- [WHAT IS EXPECTED]: With the exception of the pictures, write out the data below precisely.

- [DATASET EXCERPT]:
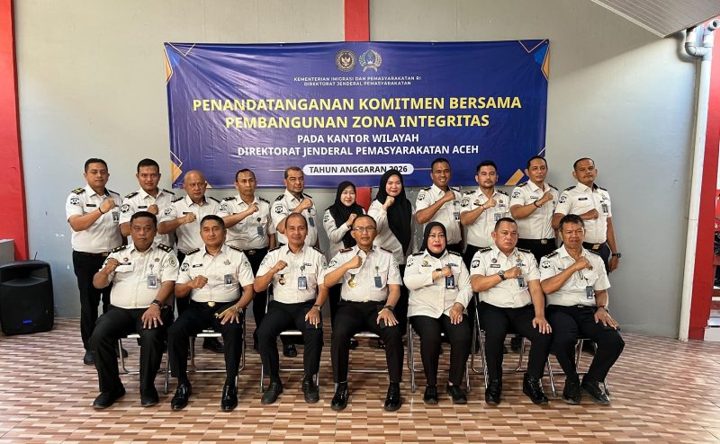 Banda Aceh – Kantor Wilayah Direktorat Jenderal Pemasyarakatan (Ditjenpas) Aceh menunjukkan keseriusan dalam mewujudkan reformasi birokrasi yang bersih dan melayani di tanah Serambi Mekkah. Langkah ini diawali dengan prosesi penandatanganan Piagam Komitmen Bersama Pembangunan Zona Integritas (ZI) menuju WBK dan WBBM, Selasa (03/02/2026).
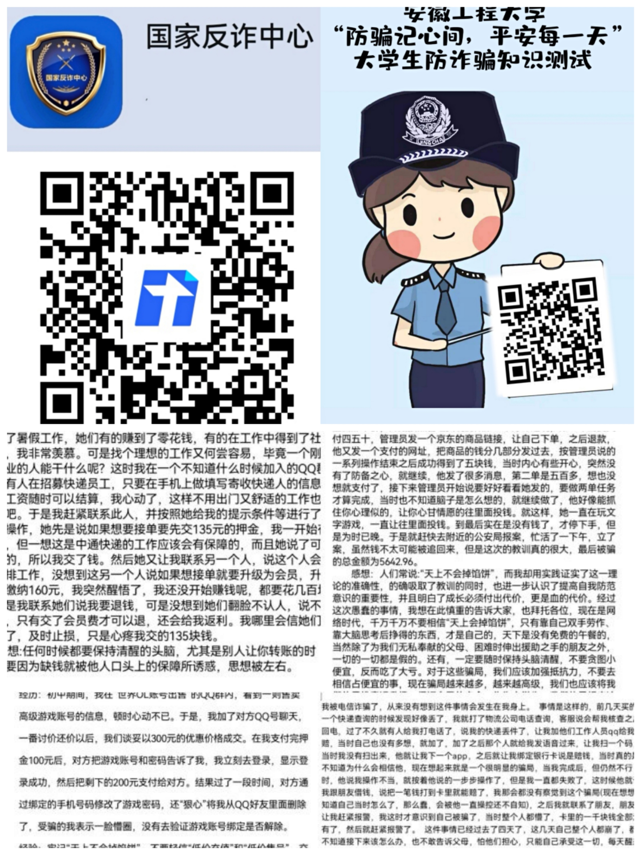 21日,校“防骗记心间平安每一天”大学生防诈骗知识测试竞赛在活动官方QQ群内进行。近500余人参与线上答题,通过答题同学们进一步了解各类诈骗类型,学习防诈骗知识,以及如何应对处理各类诈骗陷阱,挽回损失。22日,志愿者们在三食堂、五食堂开展“防骗记心间平安每一天”主题横幅签名活动,活动反响热烈,近300名同学参与签名,积极响应倡议,强化防诈骗意识。23日,志愿者们在活动官方QQ群内宣传“国家反诈中心”APP快速举报涉诈线索、高效预警劝阻提示、远程身份验证等多种功能,动员同学们积极下载。近400余名同学通过扫秒二维码下载APP。24日,活动在保护同学个人隐私的前提下开展受骗案例征集,68名同学参与投稿。接收到的稿件中,既有“好评返现”被诈骗的案例,也有轻信陌生电话进行绑卡操作受骗的案例。在所有征集到的案例中,好友QQ被盗导致的受骗案例占比最高,达到37%。这些都进一步提醒同学们,一定要牢记“不汇款,不轻信,不泄露,不链接”的“四不”警句,切实保障自身安全。
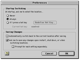 The Location Manager includes three different ways to switch locations. Before you close the application, you can choose the Preferences command from the Edit menu. The Preferences dialog box, shown in Figure G, lets you display a dialog box at startup that prompts you to choose a location.

- [YOUR RESPONSE]:
 Banda Aceh – Kantor Wilayah Direktorat Jenderal Pemasyarakatan (Ditjenpas) Aceh menunjukkan keseriusan dalam mewujudkan reformasi birokrasi yang bersih dan melayani di tanah Serambi Mekkah. Langkah ini diawali dengan prosesi penandatanganan Piagam Komitmen Bersama Pembangunan Zona Integritas (ZI) menuju WBK dan WBBM, Selasa (03/02/2026).
 21日,校“防骗记心间平安每一天”大学生防诈骗知识测试竞赛在活动官方QQ群内进行。近500余人参与线上答题,通过答题同学们进一步了解各类诈骗类型,学习防诈骗知识,以及如何应对处理各类诈骗陷阱,挽回损失。22日,志愿者们在三食堂、五食堂开展“防骗记心间平安每一天”主题横幅签名活动,活动反响热烈,近300名同学参与签名,积极响应倡议,强化防诈骗意识。23日,志愿者们在活动官方QQ群内宣传“国家反诈中心”APP快速举报涉诈线索、高效预警劝阻提示、远程身份验证等多种功能,动员同学们积极下载。近400余名同学通过扫秒二维码下载APP。24日,活动在保护同学个人隐私的前提下开展受骗案例征集,68名同学参与投稿。接收到的稿件中,既有“好评返现”被诈骗的案例,也有轻信陌生电话进行绑卡操作受骗的案例。在所有征集到的案例中,好友QQ被盗导致的受骗案例占比最高,达到37%。这些都进一步提醒同学们,一定要牢记“不汇款,不轻信,不泄露,不链接”的“四不”警句,切实保障自身安全。
 The Location Manager includes three different ways to switch locations. Before you close the application, you can choose the Preferences command from the Edit menu. The Preferences dialog box, shown in Figure G, lets you display a dialog box at startup that prompts you to choose a location.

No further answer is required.